___ RECORDED DATA ___

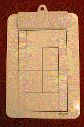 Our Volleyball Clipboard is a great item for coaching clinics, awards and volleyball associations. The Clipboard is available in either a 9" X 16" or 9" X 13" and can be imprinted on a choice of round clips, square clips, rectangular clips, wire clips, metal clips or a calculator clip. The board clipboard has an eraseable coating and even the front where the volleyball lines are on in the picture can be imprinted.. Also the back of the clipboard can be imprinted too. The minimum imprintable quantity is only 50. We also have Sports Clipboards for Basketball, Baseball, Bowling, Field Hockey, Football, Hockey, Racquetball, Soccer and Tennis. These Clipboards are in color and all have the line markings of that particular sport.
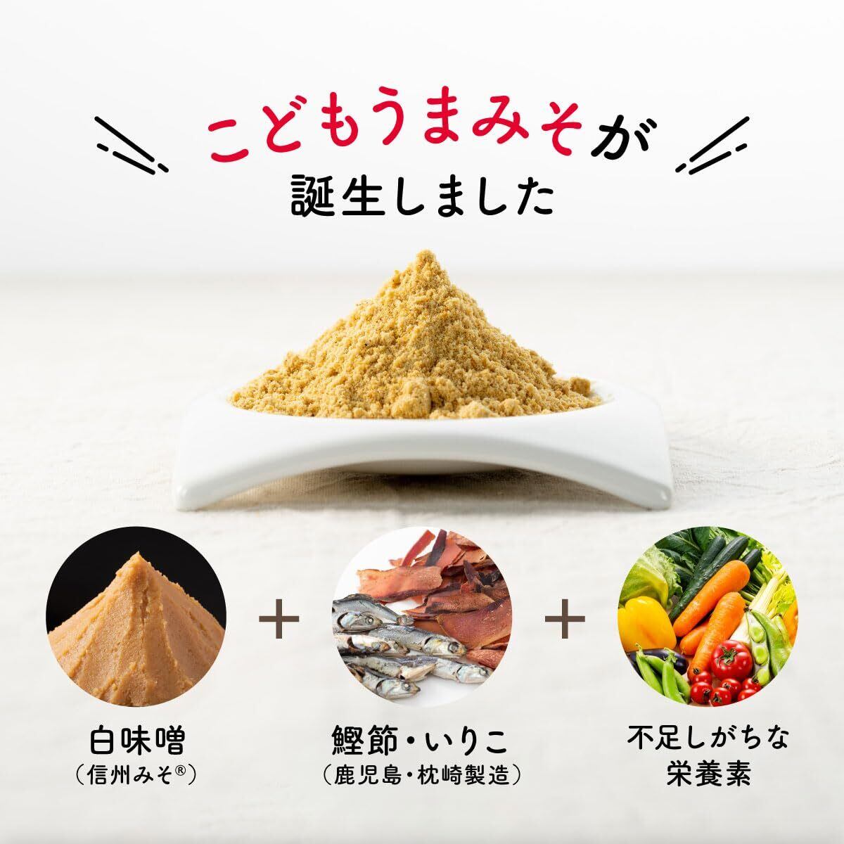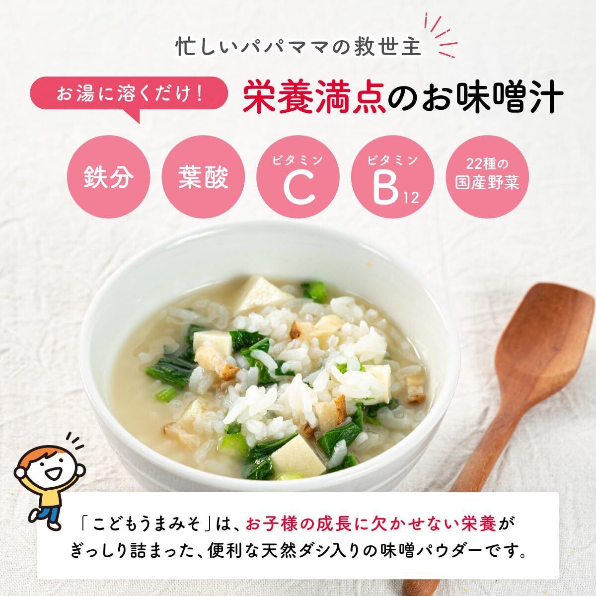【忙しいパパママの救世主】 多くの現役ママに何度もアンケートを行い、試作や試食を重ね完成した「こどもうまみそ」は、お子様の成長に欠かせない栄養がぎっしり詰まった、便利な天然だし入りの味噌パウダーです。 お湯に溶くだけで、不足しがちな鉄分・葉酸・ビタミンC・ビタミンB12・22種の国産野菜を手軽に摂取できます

___
___ RECORDED DATA ___

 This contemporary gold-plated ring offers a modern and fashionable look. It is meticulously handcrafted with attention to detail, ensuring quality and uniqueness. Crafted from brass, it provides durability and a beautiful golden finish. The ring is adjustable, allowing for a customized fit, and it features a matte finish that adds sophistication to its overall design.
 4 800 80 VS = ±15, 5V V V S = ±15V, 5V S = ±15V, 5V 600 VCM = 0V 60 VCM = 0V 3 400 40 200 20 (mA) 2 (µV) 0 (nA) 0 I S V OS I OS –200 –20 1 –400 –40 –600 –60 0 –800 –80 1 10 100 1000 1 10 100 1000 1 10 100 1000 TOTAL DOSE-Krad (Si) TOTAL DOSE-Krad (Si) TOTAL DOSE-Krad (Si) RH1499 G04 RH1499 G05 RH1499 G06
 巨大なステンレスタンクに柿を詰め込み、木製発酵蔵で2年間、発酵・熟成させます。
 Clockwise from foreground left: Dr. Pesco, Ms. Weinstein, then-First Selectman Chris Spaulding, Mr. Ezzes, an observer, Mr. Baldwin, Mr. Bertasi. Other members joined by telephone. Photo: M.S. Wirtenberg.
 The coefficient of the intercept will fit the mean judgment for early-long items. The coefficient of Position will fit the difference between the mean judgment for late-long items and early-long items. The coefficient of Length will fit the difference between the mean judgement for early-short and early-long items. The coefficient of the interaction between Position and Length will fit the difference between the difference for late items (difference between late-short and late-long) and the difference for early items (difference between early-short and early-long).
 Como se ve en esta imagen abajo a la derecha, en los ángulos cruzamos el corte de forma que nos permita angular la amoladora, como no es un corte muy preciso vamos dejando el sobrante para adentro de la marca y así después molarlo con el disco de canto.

___
___ RECORDED DATA ___

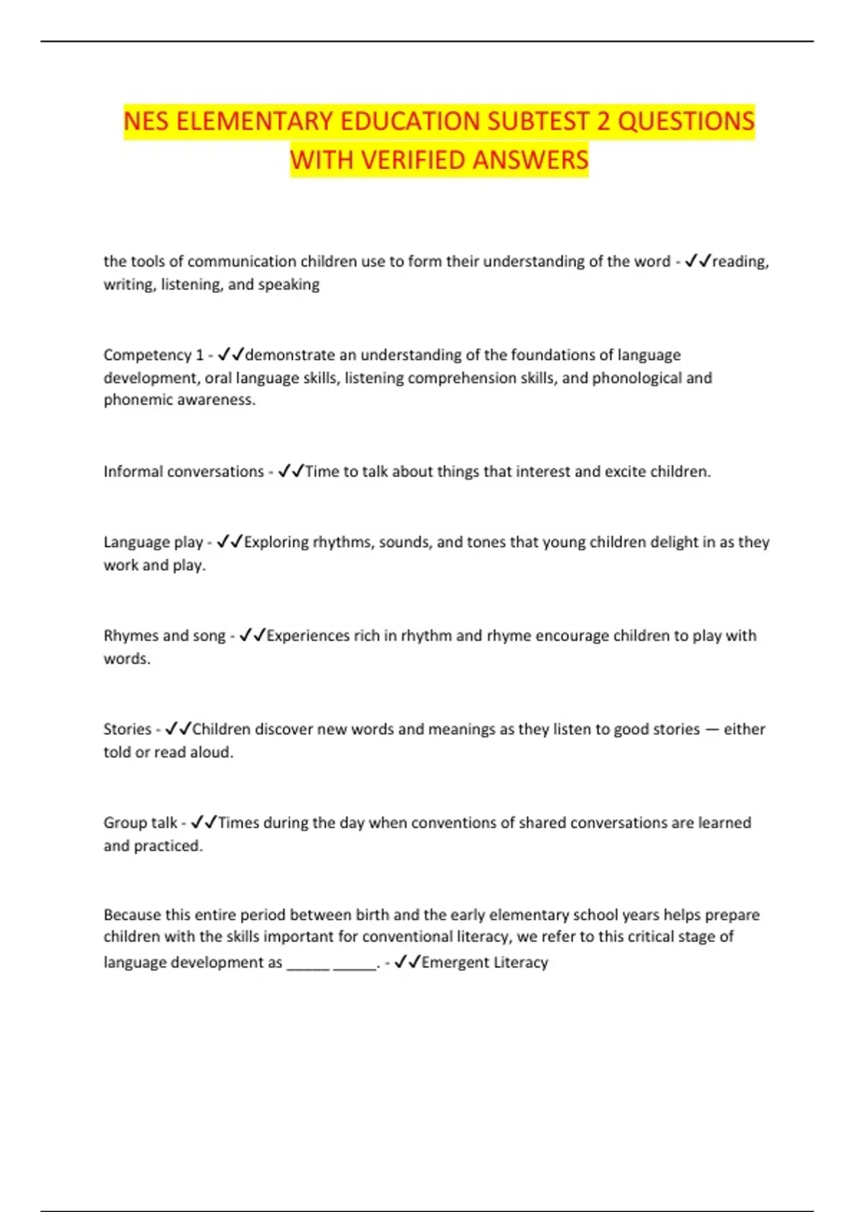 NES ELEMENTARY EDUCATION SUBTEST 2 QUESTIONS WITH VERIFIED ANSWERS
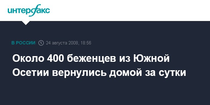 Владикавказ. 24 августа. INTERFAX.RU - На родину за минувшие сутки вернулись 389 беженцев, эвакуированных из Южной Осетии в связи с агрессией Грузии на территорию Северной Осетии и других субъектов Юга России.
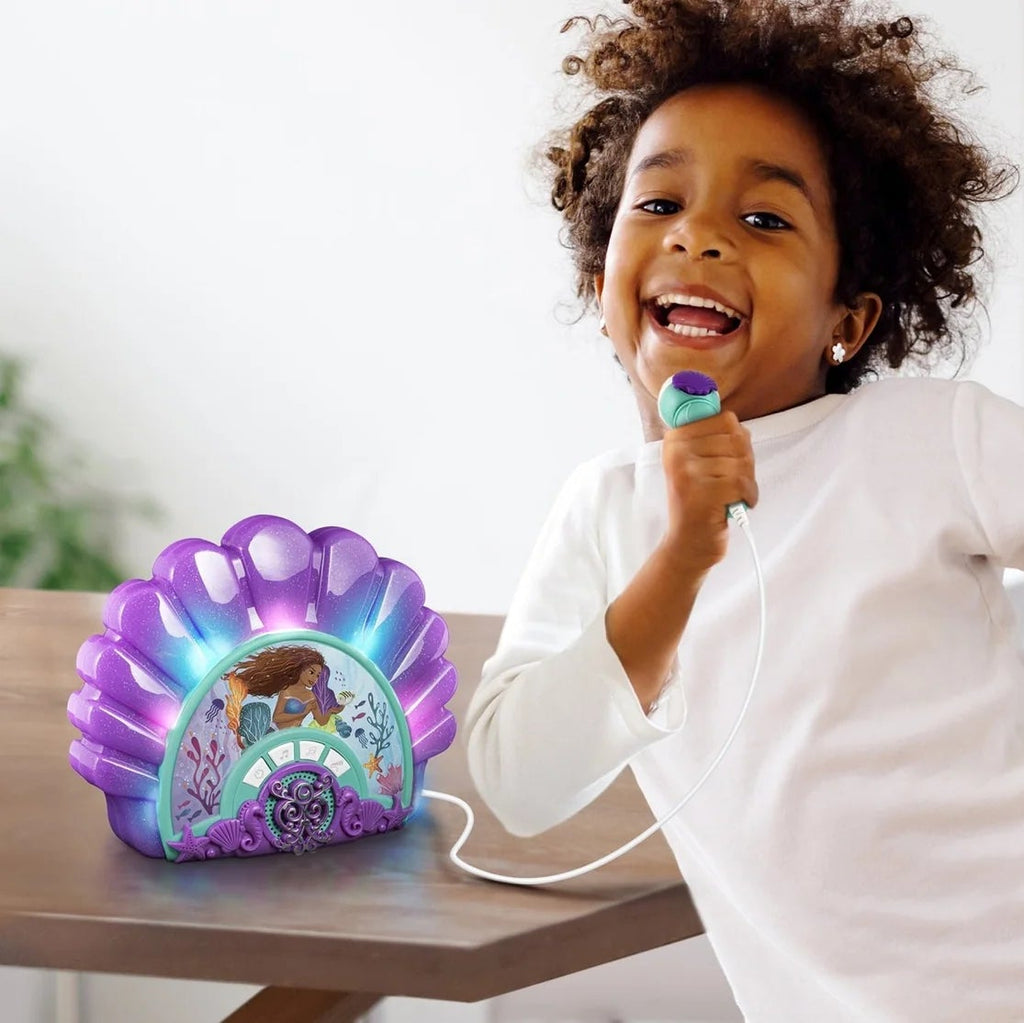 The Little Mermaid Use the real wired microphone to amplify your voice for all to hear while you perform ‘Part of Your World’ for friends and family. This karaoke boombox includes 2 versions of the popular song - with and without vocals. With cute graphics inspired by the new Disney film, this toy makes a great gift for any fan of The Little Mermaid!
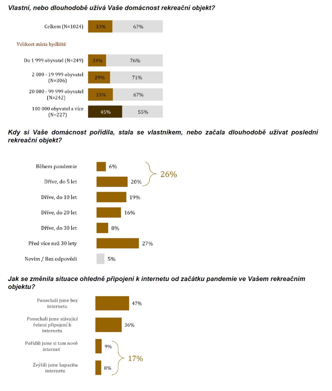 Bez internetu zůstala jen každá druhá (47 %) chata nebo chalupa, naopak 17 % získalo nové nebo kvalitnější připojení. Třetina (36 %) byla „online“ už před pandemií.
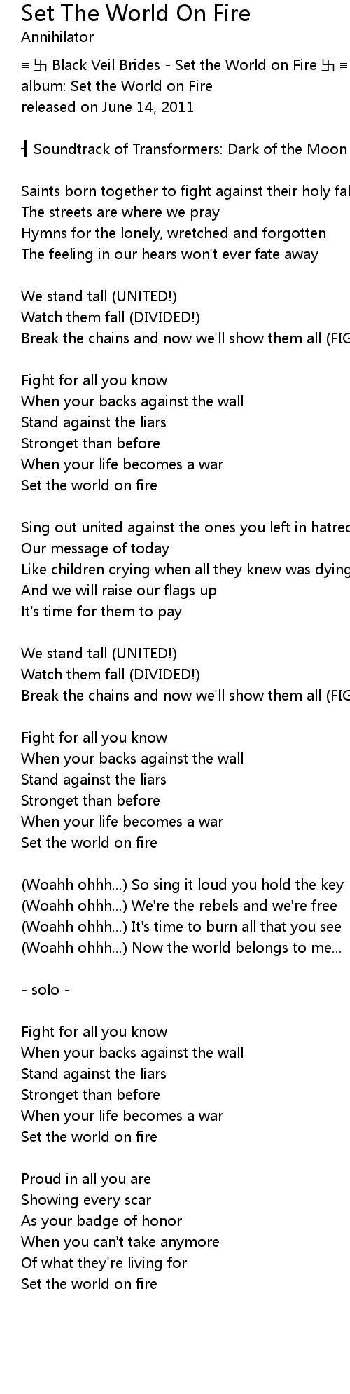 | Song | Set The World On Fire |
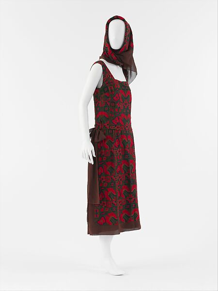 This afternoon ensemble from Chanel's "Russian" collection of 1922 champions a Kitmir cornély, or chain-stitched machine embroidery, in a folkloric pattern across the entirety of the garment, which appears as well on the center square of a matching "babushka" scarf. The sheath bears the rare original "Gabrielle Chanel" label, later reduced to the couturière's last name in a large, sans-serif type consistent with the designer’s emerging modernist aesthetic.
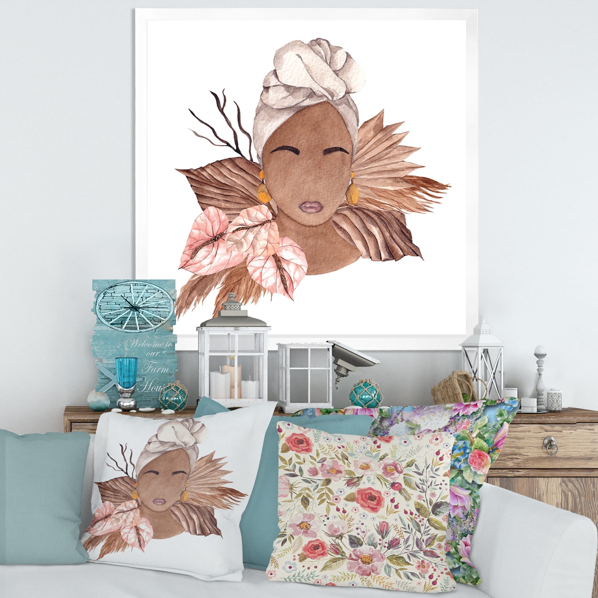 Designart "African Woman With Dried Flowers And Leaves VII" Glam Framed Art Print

___

TASK INSTRUCTIONS |
Please copy, exactly as written, every line in the listing above from the line with "4 800 80 VS" up to and including the line with "Clockwise from foreground".

RESULT |
 4 800 80 VS = ±15, 5V V V S = ±15V, 5V S = ±15V, 5V 600 VCM = 0V 60 VCM = 0V 3 400 40 200 20 (mA) 2 (µV) 0 (nA) 0 I S V OS I OS –200 –20 1 –400 –40 –600 –60 0 –800 –80 1 10 100 1000 1 10 100 1000 1 10 100 1000 TOTAL DOSE-Krad (Si) TOTAL DOSE-Krad (Si) TOTAL DOSE-Krad (Si) RH1499 G04 RH1499 G05 RH1499 G06
 巨大なステンレスタンクに柿を詰め込み、木製発酵蔵で2年間、発酵・熟成させます。
 Clockwise from foreground left: Dr. Pesco, Ms. Weinstein, then-First Selectman Chris Spaulding, Mr. Ezzes, an observer, Mr. Baldwin, Mr. Bertasi. Other members joined by telephone. Photo: M.S. Wirtenberg.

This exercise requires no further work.